The researchers have expanded the Ogmograptis genus from three species to fourteen named species (with many more known to exist but with too little material for a description) and have confirmed that it belongs to the enigmatic family Bucculatricidae. The larva of Ogmograptis provided unique characteristics to assign it to the Bucculatricidae family and expand and redefine this enigmatic family.

This work for the first time links Ogmograptis to the Australian Tritymba genus, whose larvae make the so-called ‘ghost scribbles’ on eucalypts, and the African Leucoedemia genus. These three southern genera are the sister group of the world-wide genus Bucculatrix.

Links to Gondwana

The researchers demonstrated that Ogmograptis is part of a southern group of Bucculatricidae once living on the supercontinent Gondwana and feeding on southern plant families.

The Researchers

The scribbly gum moth research was the result of a collaboration of unusual depth of experience. The main contributors were all retired but still active as Honorary Fellows at CSIRO. They included:

  • Marianne Horak
  • Max Day AO
  • Ted Edwards AM
  • Celia Barlow

They collaborated with You Ning Su, CSIRO Ecosystem Sciences, and Stephen Cameron, Queensland University of Technology.

The saga of the scribbly gum moths

The gum-tree stands by the spring.
I peeled its splitting bark
and found the written track
of a life I could not read.

(From A Human Pattern: Selected Poems by Judith Wright. Used with permission.)

Many Australians, especially those on the east coast, are aware of the ‘scribbles’ found on some eucalypt trees – often called scribbly gums. For years they have intrigued bushwalkers and writers.

These distinctive marks decorated the trunks of some of the first gum tree species described by European botanists at Sydney Cove in the late 1700s.

Scribbly gums have found their way into the poems of Judith Wright and the illustrations of May Gibbs’ much loved classic Snugglepot and Cuddlepie.

Despite their status as an icon of the Australian bush, very little was known about the cause of the distinctive ‘scribbles’. At first, it was thought that they were caused by beetle larvae. Some people doubted whether they were caused by insects.

It is now apparent that different scribbly gum moths produce different scribbles.

Revealing the culprit

In the mid-1930s, Mr Tom Greaves from CSIRO Entomology discovered the cause of the scribble. He discovered that the larvae of a very small moth were producing the markings on the bark of snow gums in the Brindabella Ranges west of Canberra.

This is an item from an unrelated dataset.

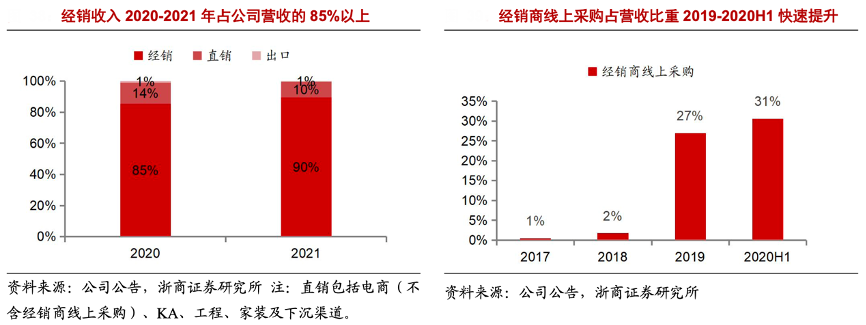 經(jīng)典案例:根據(jù)公司公告、浙商證券研究所等綜合資訊表明,億田智能經(jīng)銷模式為主,經(jīng)銷商線上采購快速發(fā)展。2020-2021年其經(jīng)銷模式分別占營收的 85%、90%,經(jīng)銷包括經(jīng)銷商線上采購及經(jīng)銷商線下采購。其公司2019 年起線上采購收入 占比快速提升,從 2018 年的 2%提升至 2020H1 的 31%,主要是由于公司大力推廣經(jīng)銷商線上采購,并推出線上專供款集成灶。

Adult moths were sent to England for identification and it was found they were from a new genus, which was given the name Ogmograptis and the moth was named O. scribula.

Our knowledge on scribbly gum moths languished for around seventy years until another group of researchers at CSIRO picked up the case.

More recent discoveries

In 1999, Miss Julia Cooke, a student from Canberra, investigated the cause of the scribbles, as part of her entry in the BHP Science Prize. With the help of Dr Ted Edwards, she compared the scribbles on different species of eucalypts and came to the conclusion that they were different and suggested there might be more than one species of moth. However, nothing was known about the biology of the moth.

In 2005, CSIRO scientists, Dr Max Day and Dr Marianne Horak, and a group of interested helpers undertook a search for the moth larvae. They trapped two species of moth from the local Canberra scribbly gum Eucalyptus rossii and identified two distinct scribble tracks thus confirming that there is more than one species of moth that creates scribble patterns in trees.

The discovery of larvae and pupae enabled the scientists to describe for the first time the life cycle of one species of scribbly gum moth. Eggs are laid in autumn (i.e. April and May) and the larvae develop in the bark through winter. The scribble patterns are caused when they feed on tissues just below the epidermal cells in the tree trunk.

In early summer, the larvae pupate at the base of the tree. The tiny adults that emerge in autumn are only a few millimetres long.

As described above, Dr Max Day, Dr Marianne Horak and Dr Ted Edwards teamed up with some other scientists and described several new moth species and the mechanism by which the ‘scribbles’ are made.